A trip and tour of Thomasville will not be complete without a visit to the nearby Pebble Hill Plantation, on the outskirts of town. Pebble Hill is the South’s most spectacular and lovingly cared for country estate. The primary stewardship of the plantation was through a succession of educated, artistic, cultured, competitive and ambitious women. First, the original land was willed to the 21 year old daughter of the owner, Thomas Jefferson Johnson.  The second owner, industrialist Howard Melville Hanna of Standard Oil, gave it to his daughter, Kate Hanna Ireland Harvey. In 1936, Kate bequeathed it to her daughter, Elisabeth “Miss Pansy” Ireland Poe, who lived there until 1978. Kate, followed by Miss Pansy, chartered the architectural services of Cleveland’s Abram Garfield and built a remarkable collection of support buildings, guest cottages, barns, stables, kennels, carriage houses and a 29 room Main House with every conceivable amenity for comfort, convenience and entertaining. The Main House retains all of its original furnishings and showcases one of America’s premier collections of “Sporting Art”, featuring the work of ten, world-famous English artists and ten, comparable American artists in the Elisabeth Ireland Poe Gallery of Sporting Art.
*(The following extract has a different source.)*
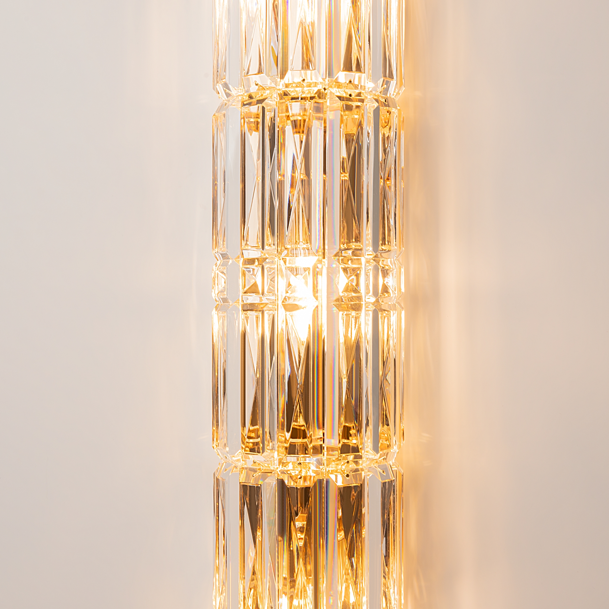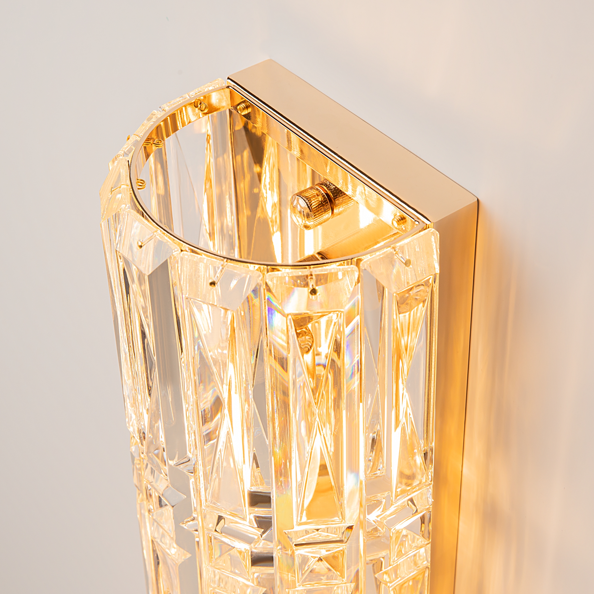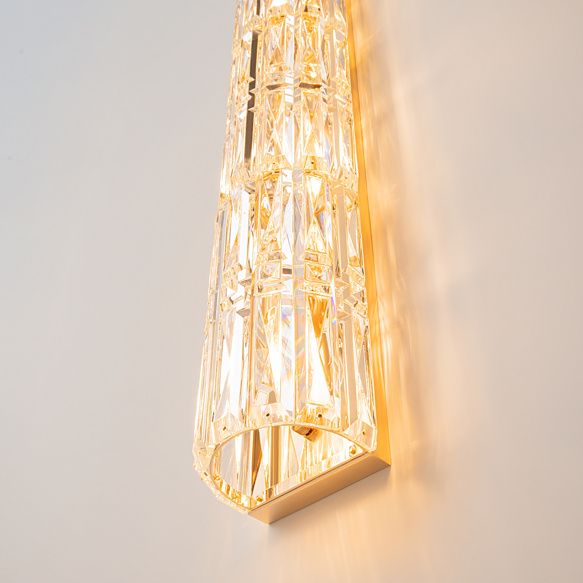 Материал арматуры – металл, оттенки – хром и золото. Декор – прозрачные стек лянные кристаллы. Архитектурная огранка декоративных элементов. Цоколь Е14.

The extended art collection includes many original John James Audubon bird prints, some of which are from his “double-elephant folio”. The horse stable and cow barn complex was modeled after Thomas Jefferson’s University of Virginia central core with its inner courtyard shaded by outstretched, huge Live Oak canopies and encircled with a Jeffersonian-serpentine, red-brick, garden wall. A guided tour of the Main House and a self-guided tour of the out-buildings, gardens and grounds is a worthy indulgence that could easily take hours to absorb. The experience is one of being on a James River Plantation in Virginia – far from southwest Georgia. Miss Pansy left a large endowment to establish the Pebble Hill Foundation to ensure that Pebble Hill will always be cared for properly, so that guests can tour her lovely home for many years to come. You should take advantage.